Let's look through the parameters in a narrower range - from 10 ^ 0 to 10 ^ 4. We see that F1 does not tend asymptotically to 0.7 with increasing parameter C, as it may seem, but has a local maximum at C = 10 ^ 1.75
If you send a solution obtained on a test sample using LinearSVC with the parameter C = 10 ^ 1.75, the F1 metric is 0.61, which is quite far from the
best assumptions.
But let's think about how SVM classifies objects in the simplest case of binary classification. In this case, whether the document is related to a topic or not. For each object, the distance from it to the constructed separating hyperplane is considered.
If this distance is positive, the object belongs to one class, otherwise - to another. It turns out that the boundary value of the distance to the separating hyperplane is equal to 0. But who said that this value is optimal for classification? Indeed, in the more complicated case of linear inseparability, the picture may not be so simple, and the hyperplane that separates the classes will not be absolutely unmistakable. In this case, the optimal (to maximize the F1 classification measure) threshold for the distance to the hyperplane may differ from 0.
In Scikit-learn, the distance from objects to the border constructed by the LinearSVC algorithm can be obtained using the decision_function method of the LinearSVC class.
Let us see how the quality of classification (F1) will change if we change the threshold of the distance from the object to the separating hyperplane. For example, in the case of a threshold equal to 0.1, objects that are one side more than 0.1 from the hyperplane will be classified positively, and the rest - negatively.
When the threshold changes from -2 to 2, training LinearSVC on one part of the test sample (80%) and tracking the F1-measure on the other part (20%), we get the following picture.
It turns out that to maximize the F1-measure it is better to use the cut-off threshold for the distance to the hyperplane equal to -0.5.
In this case, the F1-measure on the test sample reaches 0.763, and if you train the algorithm on the entire training sample and use the threshold of -0.5 to classify on the test sample, you can reach F1 = 0.73 for the public sample, which immediately “raises” the top 5% the rating of this Kaggle competition (at the time of writing).
Part 4. Some useful GitHub repositories for programming and machine learning
This is far from an exhaustive list of cool GitHub repositories for programming, data analysis and machine learning in Python. Almost all of them are IPython notebook sets. Some of the materials in my course described above are a translation of these.
- The course of programming in the Python language, the basis of the site introtopython.org .
- "Data science IPython notebooks" - a lot of quality notebooks for the main Python libraries for data analysis - NumPy, SciPy, Pandas, Matplotlib, Scikit-learn. Apache Spark and Kaggle Titanic: Machine Learning from Disaster.

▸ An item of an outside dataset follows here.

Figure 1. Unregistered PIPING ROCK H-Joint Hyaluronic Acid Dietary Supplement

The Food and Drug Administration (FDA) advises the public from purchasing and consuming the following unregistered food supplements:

- Harvard Data Analysis Course
- "Interactive coding challenges" - a selection of basic tasks on data structures, graphs, sorting, recursion and more. For many tasks, solutions and explanatory material with pictures are given.

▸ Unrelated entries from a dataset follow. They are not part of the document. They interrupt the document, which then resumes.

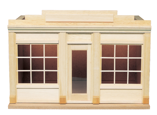
2-Window Shop #9993 · Base 16"W x 11½"H x 13"D
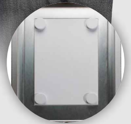
Interior Cushioning Protects Tablet
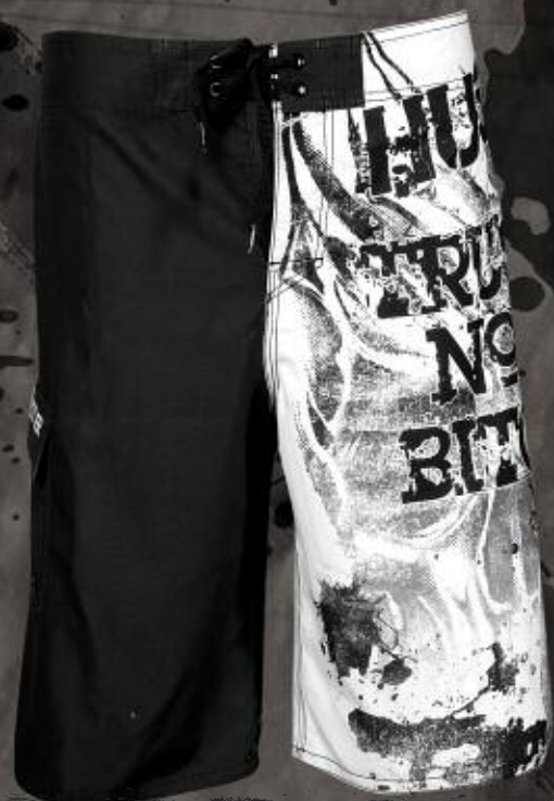
MS1011 TRUST NO BITCH BLACK

- Olivier Griselle repository (one of the authors of the Scikit-learn library) with IPython training notebooks . One more .
- Scikit -learn tutorial, also from authors
- Analysis of the tasks of the course Andrew Ng "Machine learning" in Python
- Materials in addition to the book "Mining the Social Web (2nd Edition)" (Matthew A. Russell, O'Reilly Media)
- Tutorial on the use of ensembles to solve problems Kaggle.
- The XGBoost library , which is used by most Kaggle competition winners. You can also get acquainted with their success stories. XGBoost is good in prediction quality, effectively implemented, well paralleled.
- Data Collection FiveThirtyEight. Just a bunch of interesting datasets.
- Forecasting US election results. A good example of analyzing data with Pandas
I hope these materials will help you in learning / teaching Python and analyzing data.
The list of cool repositories with IPython notebooks (and simply with Python code), of course, can be continued. For example, in the comments.